= Roswell L. Colt =

American businessman

Roswell Lyman Colt (1779-1856) was an American businessman who made a fortune in the shipping industry, served for decades as governor of the Society for Establishing Useful Manufactures, and was an early railroad executive.

Colt's parents were Peter Colt (1744-1824) and Sarah Lyman. (Peter's brother was Benjamin Colt (1740-1781), whose son Christopher Colt (1780–1850) had a son who became famous for being the gunmaker/inventor Samuel Colt (1814-1862).) A graduate of Yale University, Peter founded a shipping business that traded with the West Indies, served in the Revolutionary War, served as Connecticut State Treasurer from 1790 to 1794, and went on to help found Paterson, New Jersey. In 1793, he became the superintendent of the S.U.M., replacing Pierre L'Enfant, and later settled in Paterson.

Roswell Colt was born on July 20, 1779. In 1811, Roswell married Margaret Oliver (1790-1856), herself the heiress to a shipping fortune. In 1814, he took the post that was once his father's — governor of the S.U.M. — a job he would hold until 1850. He was a director of the Baltimore and Ohio Railroad and, after he bought 3,000 shares of the Baltimore and Port Deposit Railroad in 1835, a director of the B&PD as well. In 1838, the B&PD merged with three other railroads to create the first rail link from Philadelphia to Baltimore. (This main line survives today as part of Amtrak's Northeast Corridor.) Colt's service as a railroad executive is noted on the 1839 Newkirk Viaduct Monument in Philadelphia.

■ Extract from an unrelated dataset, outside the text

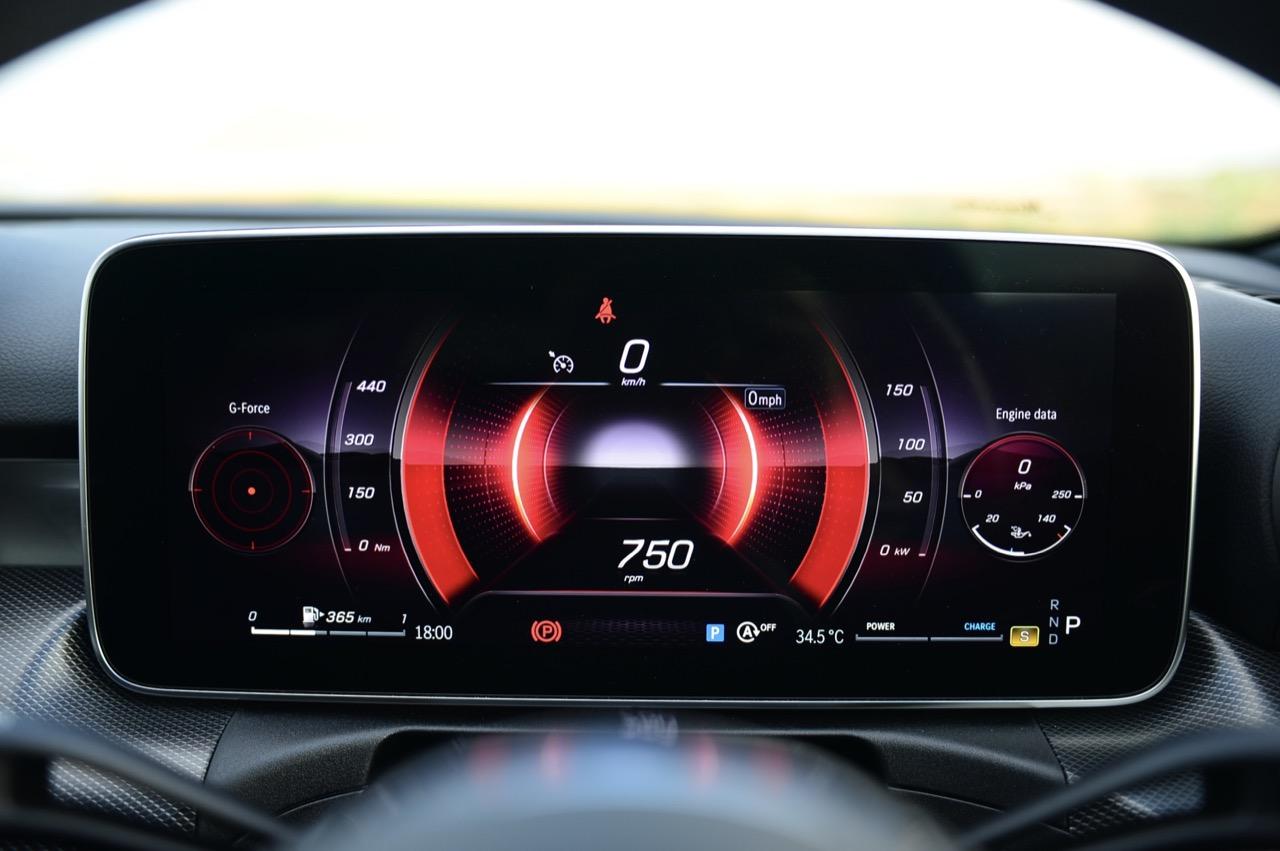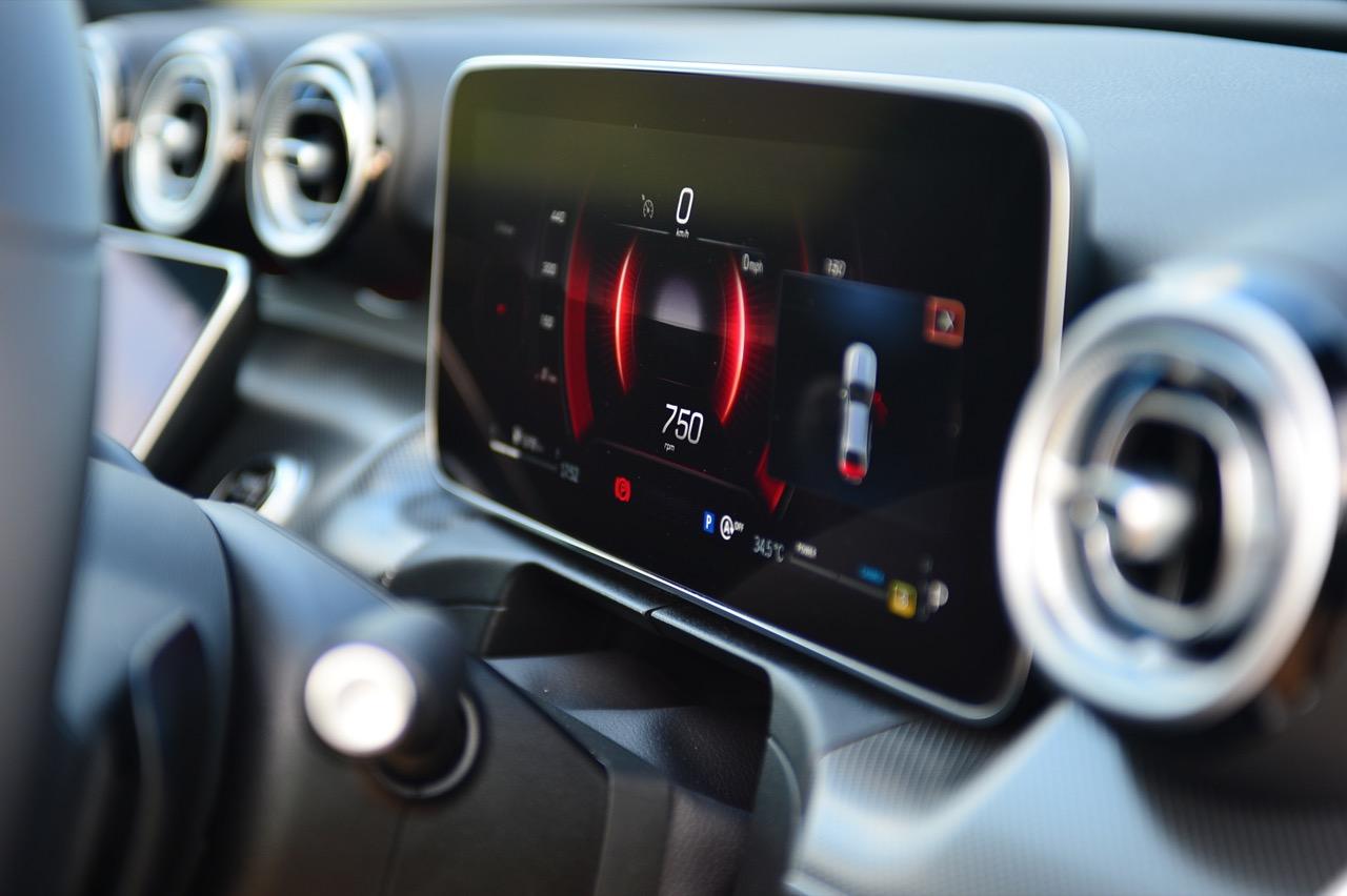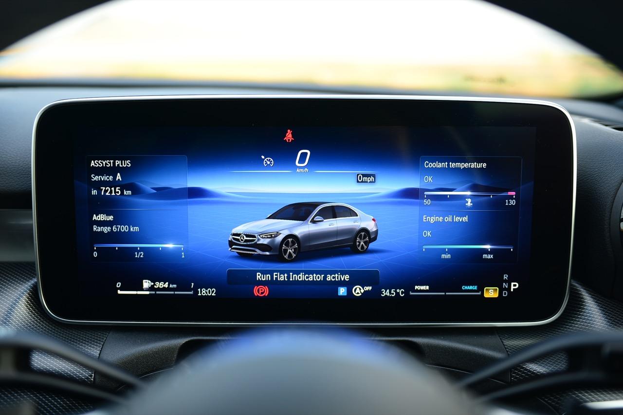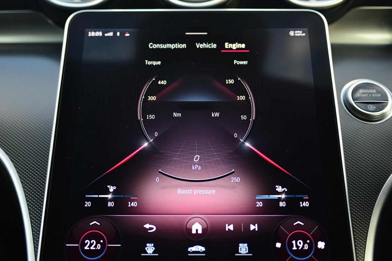 ระบบดิจิทัลยุคใหม่ ปรากฏอยู่ในจอแสดงผลส่วนกลางที่คล้ายกับ New S-Class จอกลางแนวตั้ง สามารถควบคุมและแสดงผลการทำงานของระบบต่างๆ การปรับตั้งและเชื่อมต่อฯ ผ่านการสั่งงานบนหน้าจอระบบสัมผัสคุณภาพสูง การวางจอภาพในแนวตั้งทำให้มองเห็นได้ชัดเจนและเกิดประโยชน์สูงสุดเมื่อใช้ระบบนำทางด้วยดาวเทียมหรือกล้องมองรอบคัน หน้าจอสัมผัสออกแบบให้ดูเหมือนลอยอยู่เหนือแดชบอร์ด เช่นเดียวกับชุดแดชบอร์ดที่หรูหรา หน้าจอมอนิเตอร์กลางปรับองศาให้เอียงเล็กน้อยไปทางคนขับ จอแสดงผลส่วนกลางขนาด 11.9 นิ้ว เป็นอุปกรณ์มาตรฐานของ New C-Class ทุกรุ่นอีกด้วย จอแสดงผลส่วนกลางยังมีการตกแต่งที่ลงลึกในด้านรายละเอียด เช่น การล้อมรอบจอภาพด้วยสีดำเงาวาวและขอบสีเงินที่ตัดกับสีดำและขยายไปยังคอนโซลกลางได้อย่างลงตัว รายละเอียดการตกแต่งที่ประณีต การตัดขอบด้วยโครเมียมคุณภาพสูง ช่วยให้ห้องโดยสารของ C220d AMG Dynamic น่ามองมากยิ่งขึ้นและเหมือนกับห้องโดยสารของ New S-Class ที่ถูกย่อสัดส่วน

Roswell and Margaret had 13 children: Robert Oliver Colt (1812-1885), John Oliver Colt (1813-1858), James Craig Colt (1815-1865), Elizabeth Sarah Colt (1816-1823), Mary Devereux Colt (1817-1884), Roswell Lyman Colt (1821-Unknown), John Craig Colt (1822-1848), Emily Oliver Colt (1825-1830), Morgan Gibbs Colt (1826-1894), Thomas Oliver Colt (1829-1869), Margaret Oliver Colt (1830-1871), Ellen Craig Colt (1831-Unknown), and Julia Colt (1835-1909).

He died in Paterson on November 22, 1856.

Morgan Colt was his grandson, through his son Morgan.